Loss-of-function mutation of USP14 leads to a profound effect on neurological and synaptic defects (Figure 5), such as developmental disorders resulting from the disruption of NMJ maturation (Chen and Sun, 2009b). However, transgenic overexpression of ubiquitin in neurons of axJ mice was shown to prevent early postnatal lethality, restore muscle mass, and correct deficits resulting from the loss-of-function of USP14 (Chen et al., 2011). These results suggested the reason for the dramatic disorder in axJ mice following the loss of USP14 and further demonstrated that USP14 is required for maintaining ubiquitin homeostasis during synaptic development and function (Chen et al., 2011).

Defects in neurotransmission observed in the nervous system of axJ mice were proposed to make nerve terminals unable to recruit enough vesicles to match the rates of transmitter release (Bhattacharyya et al., 2012). Therefore, ubiquitination of synaptic proteins might determine the size of synaptic vesicles and release of neurotransmitters. A previous study revealed that loss of USP14 led to a deficit in paired-pulse facilitation (PPF) at hippocampal synapses without changing basal release (Wilson et al., 2002).
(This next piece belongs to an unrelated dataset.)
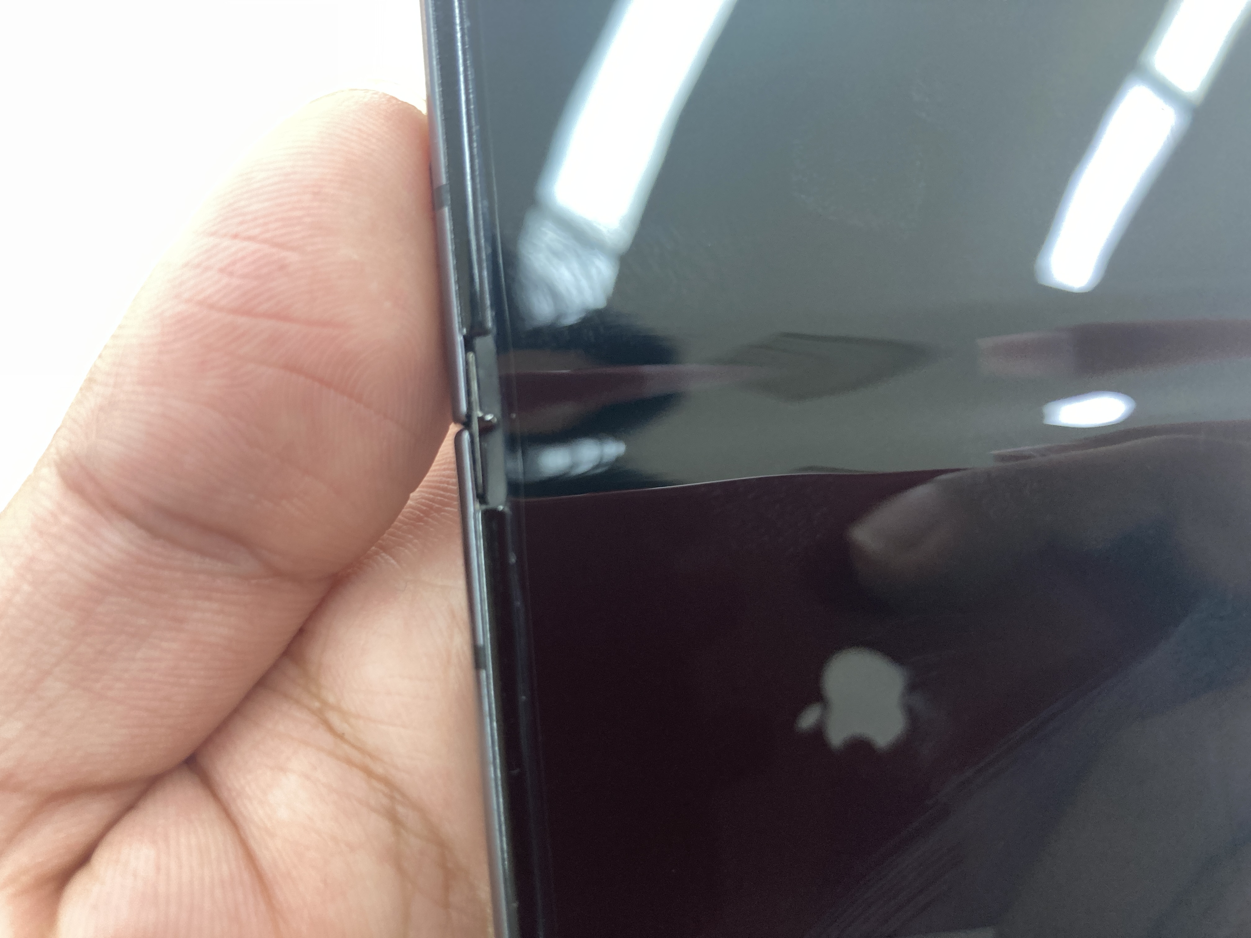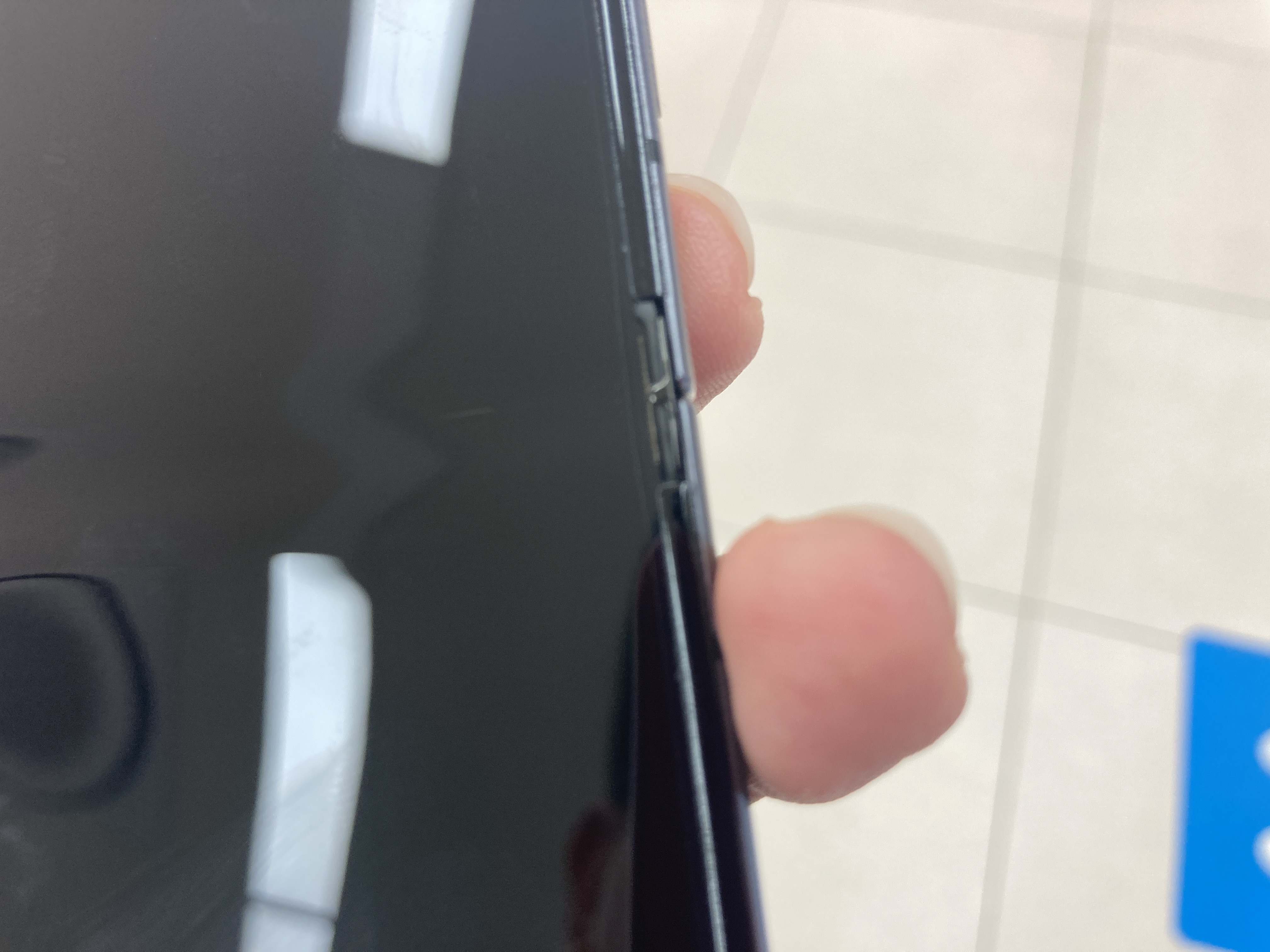 액정필름 교환하기 전 모습입니다. 다른 곳은 튼튼하게 잘 붙어있는데 접히는 곳 양끝쪽에 왼쪽 이미지처럼 공백이 생기거나 오른쪽 이미지처럼 약간 찢어진(?)듯한 느낌이 나는것처럼 필름이 조금 손상되더라고요.

In addition, the number of synaptic vesicles was significantly reduced, whereas overexpression of inactive USP14 rescued these effects. In conclusion, USP14 affects the synaptic structure and plasticity in a catalytic-independent manner (Walters et al., 2014). Furthermore, pharmacological inhibition of USP14 using IU1 was reported to impair long-term memory through fear conditioning, indicating a fundamental role of USP14 in long-term memory formation (Table 2) (Jarome et al., 2013b). However, the utilization of USP14 as a drug target of choice in memory formation needs to be further validated.

USP14 in Immune Response

USP14 in the Inflammatory NF-κB Signaling Pathway

Various studies have demonstrated the central role of USP14 in immune response via the regulation of the turnover of key signaling molecules implicated in immune pathways (Wang et al., 2021a). For example, the CXCR4 chemokine receptor is essential to the immune system and its dysregulation leads to an inflammatory response (Mines et al., 2009). As a result to stimulation with the CXCL12 CXCR4 agonist, CXCR4 was found to be colocalized and interacting with USP14. Moreover, knocking down USP14 stablized CXCR4, whereas its overexpression downregulated the levels of CXCR4 (Mines et al., 2009).

Inflammation triggers a series of reactions (Medzhitov, 2008), particularly the persistent activation of the NF-κB signaling pathway (Hayden and Ghosh, 2012) in response to biological, physical, and chemical harmful external stimuli. For instance, overexpression of USP14 was found to promote the phosphorylation and subsequent ubiquitination of I-κB, which is then submitted to the proteasome for degradation, releasing cytokines, such as tumor necrosis factor-α (TNFα) and interleukin 8 (IL-8) in lung epithelial cells (Liu et al., 2017). In addition, treatment with lipopolysaccharide (LPS) induced the serine phosphorylation of USP14, further deregulating the levels of I-κB in USP14-overexpressing cells (Table 2) (Liu et al., 2017). Together, these data might provide new therapeutic insights into the treatment of inflammatory lung diseases.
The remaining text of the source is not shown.